=== TASK TO CARRY OUT ===
Look through the data below for the line with "And you should" and the line with "- COMES WITH", then transcribe exactly from the first through the second, leaving out all pictures.

=== DATA EXCERPTS ===
^^^^
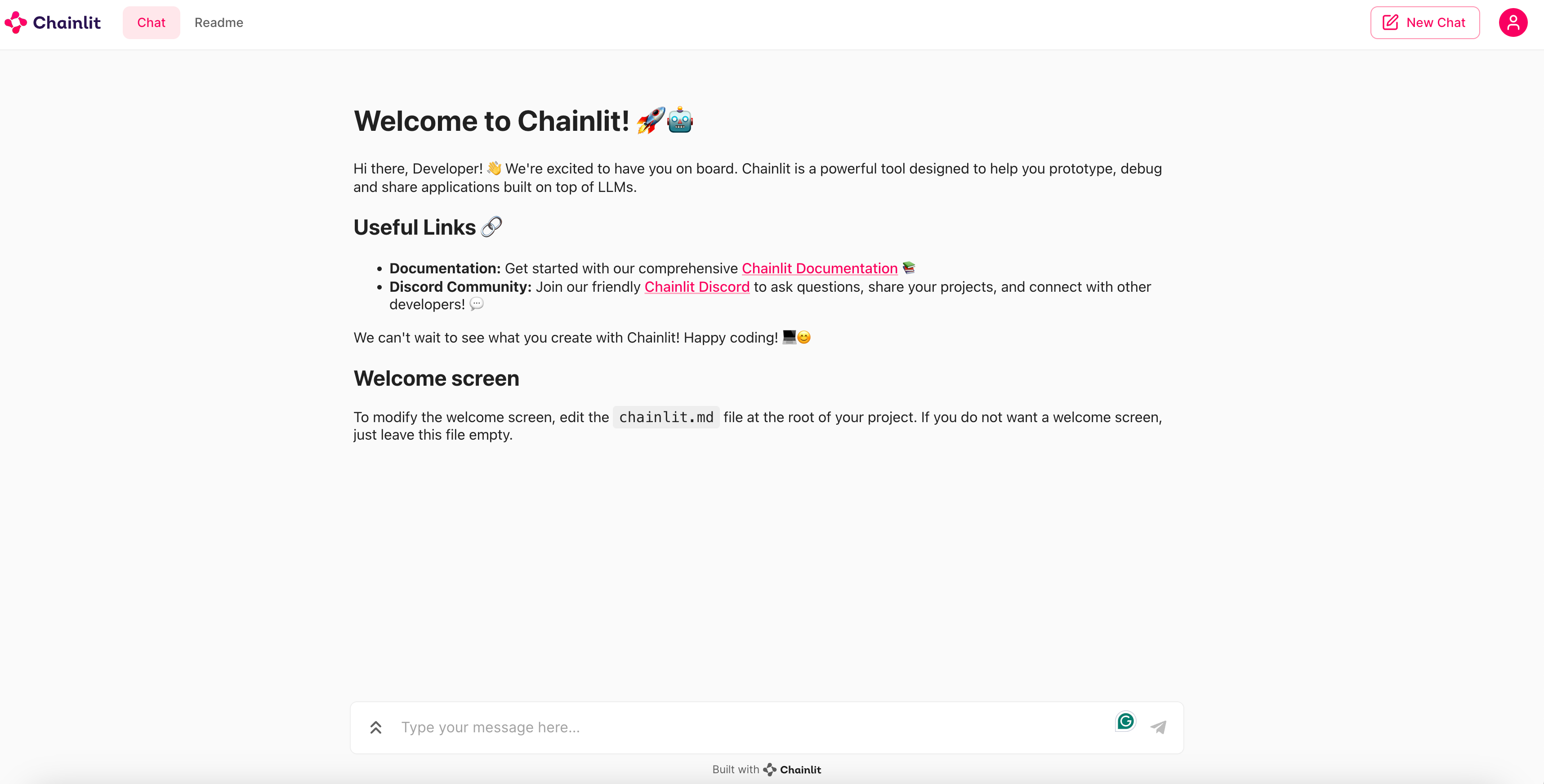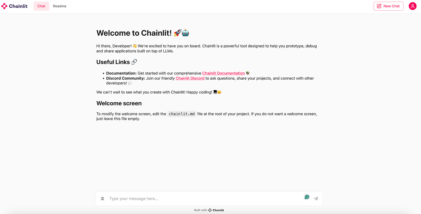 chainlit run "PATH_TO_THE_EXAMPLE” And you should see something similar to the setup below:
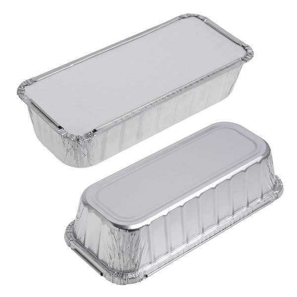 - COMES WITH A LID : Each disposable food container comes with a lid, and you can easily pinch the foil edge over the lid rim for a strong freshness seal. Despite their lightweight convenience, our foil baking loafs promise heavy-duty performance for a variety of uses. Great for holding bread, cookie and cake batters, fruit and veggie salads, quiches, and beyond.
^^^^
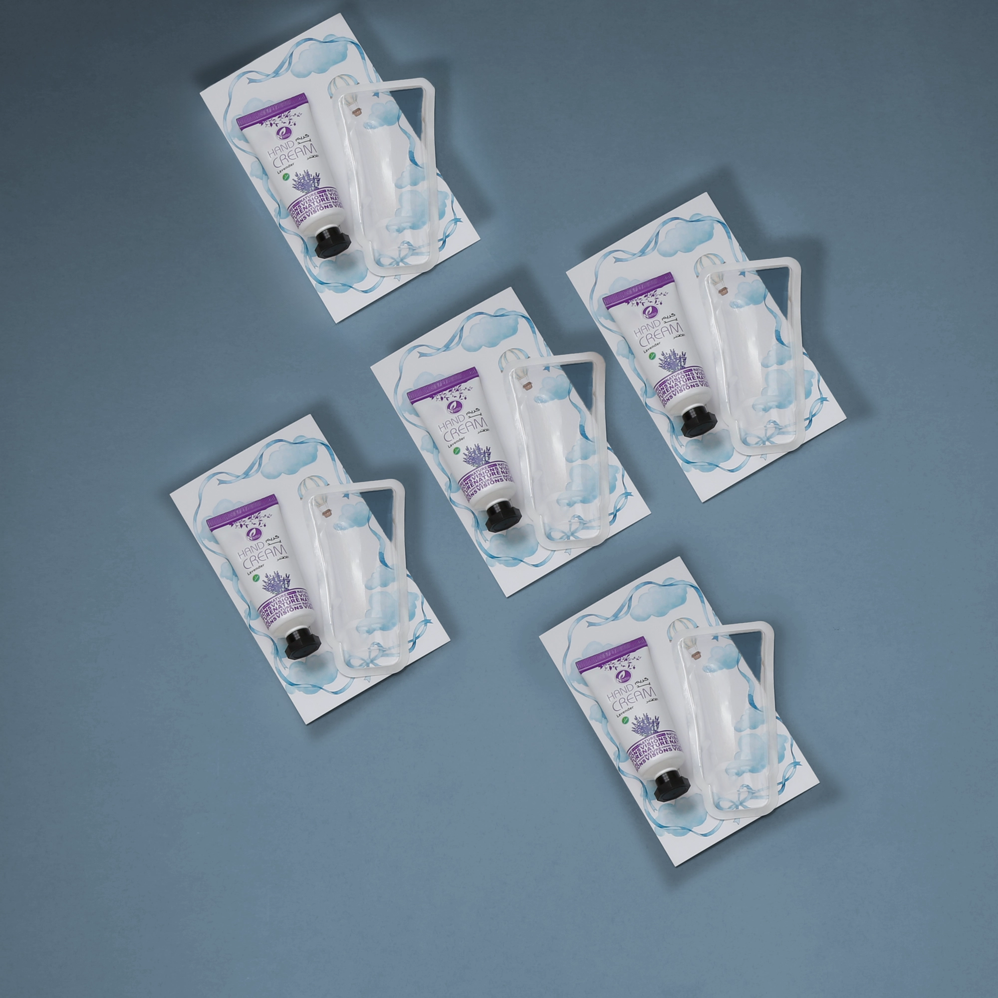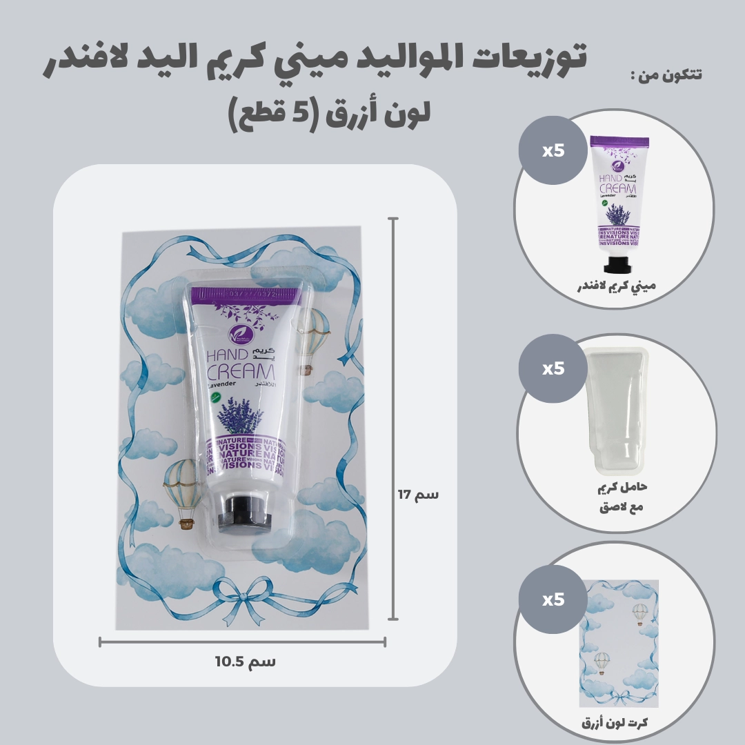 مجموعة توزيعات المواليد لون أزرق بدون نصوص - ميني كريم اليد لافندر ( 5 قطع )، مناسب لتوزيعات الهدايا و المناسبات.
^^^^
=== TASK RESPONSE ===
 chainlit run "PATH_TO_THE_EXAMPLE” And you should see something similar to the setup below:
 - COMES WITH A LID : Each disposable food container comes with a lid, and you can easily pinch the foil edge over the lid rim for a strong freshness seal. Despite their lightweight convenience, our foil baking loafs promise heavy-duty performance for a variety of uses. Great for holding bread, cookie and cake batters, fruit and veggie salads, quiches, and beyond.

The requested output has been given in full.